Multimodal Gesture Dataset [5] (MMG): ChaLearn-2013 multimodal gesture recognition dataset is a large video database of 13,858 gestures from a lexicon of 20 Italian gesture categories. The focus of the dataset is on user independent multiple gesture learning. The dataset has RGB and depth images of the videos, user masks, skeletal model, and the audio information (utterance of the corresponding gesture by the actor), which are synchronous with the gestures performed. The dataset has 393 training, 287 testing, and 276 testing sequences. Each sequence is of duration between 1–2 min and contains 8–20 gestures. Furthermore, the test sequences also have ‘distracter’ (out of vocabulary) gestures apart from the 20 main gesture categories. For this dataset, we use the audio and skeleton modality for fusion because some of the top-performing methods [5] on this dataset also used these two modalities. The loose temporal boundaries of the gestures in the sequence is available during training and validation phase, however, at the time of testing, the goal is to also predict the correct order of gestures within the sequence along with the gesture labels. The final evaluation is defined in terms of edit distance (insertion, deletion, or substitution) between the ground truth sequence of labels and the predicted sequence of labels. The overall score is the sum of edit distance for all testing videos, divided by the total number of gestures in all the testing videos [5].

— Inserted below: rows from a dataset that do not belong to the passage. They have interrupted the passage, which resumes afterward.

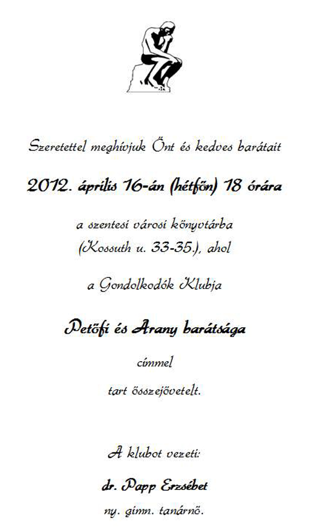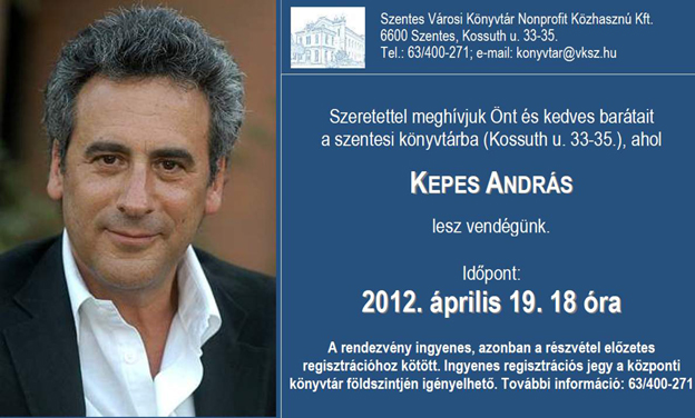 A jövő hét elején újabb összejövetelét tartja a gondolkodók klubja, majd városunkba látogat a neves tévés személyiség, Kepes András. A programok részletei kinagyítás után olvashatók alább: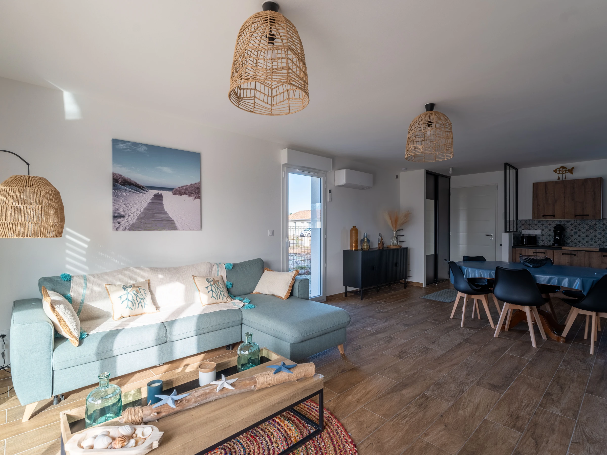 La maison offre une spacieuse et lumineuse pièce de vie avec un séjour confortable, canapé, TV à écran plat et WIFI. La cuisine est entièrement équipée pour que vous puissiez préparer vos repas avec tout le nécessaire : réfrigérateur-congélateur, four, micro-ondes, plaque à induction, cafetière à dosettes, bouilloire, grille-pain, lave-vaisselle et lave-linge.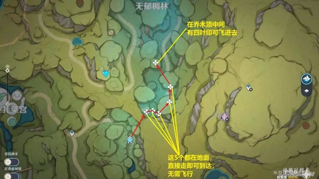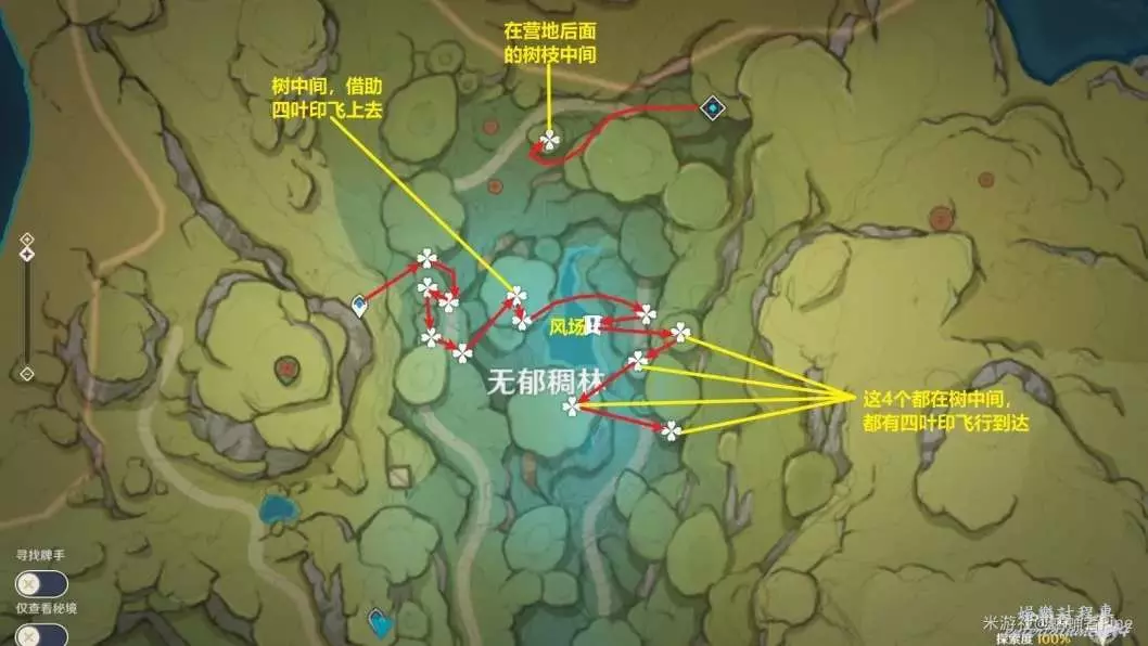 距離錨點近,可快速採集,注意最後一個在樹枝中間(四葉印飛上去)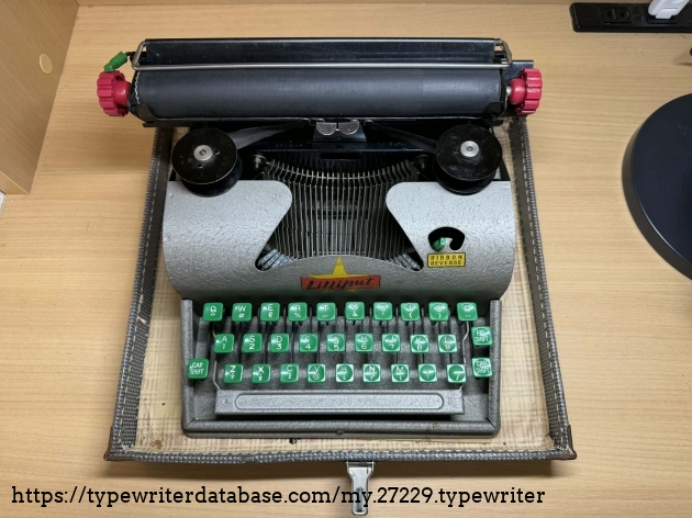 Clean and neatly preserved with its own carrying case. Sadly, the carriage doesn't move.
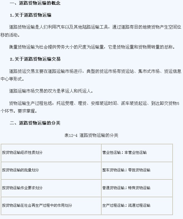 2012经济师《中级公路运输》预习笔记:第12章第2节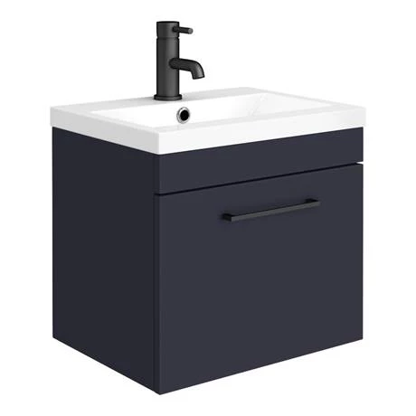 The contemporary matt blue Arezzo furniture package, with it’s clean lines this suite is perfect for renewing the style in any bathroom. The wall hung vanity unit’s stylish modern design hides all unsightly pipework creating a neat modern look. The units soft-closing drawer provides plenty of storage space for toiletries, helping to keep your bathroom clutter free. Features eye-catching and stylish matt blue finish with a on-trend contrasting modern matt black square bar handle. WC unit comes supplied with a dual flush concealed WC cistern and modern toilet with soft closing seat.

4.2 Modality Specific Feature Extraction

In this section, we describe the feature extraction method for different modalities - appearance, short-term motion, audio, and skeleton, which are used in this paper across three different datasets.

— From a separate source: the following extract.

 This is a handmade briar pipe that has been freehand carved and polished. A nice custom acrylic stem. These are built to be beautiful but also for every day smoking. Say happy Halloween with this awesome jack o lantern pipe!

  • Appearance Features: We adopted the VGG-16 [25] architecture to extract the appearance features. In this architecture, we change the number of neurons in fc7 layer from 4096 to 1024 to get a compressed lower dimensional representation of an input. We finetune the final three fully connected layers (fc6, fc7, and fc8) of the network pretrained on ImageNet using the frames of the training videos. The activations of the fc7 layer are taken as the visual representation of the frame provided as an input. While finetuning, we use minibatch stochastic descent with a fixed momentum of 0.9. The input size of the frame to our model is 224 \(\times \) 224 \(\times \) 3. Simple data augmentations are also done such as cropping and mirroring [11]. We adopt a dropout ratio of 0.5. The initial learning rate is set to 0.001 for fc6, and 0.01 for fc7 and fc8 layers as the weights of last two layers are learned from scratch. The learning rate is reduced by factor of 10 after every 10,000 iterations.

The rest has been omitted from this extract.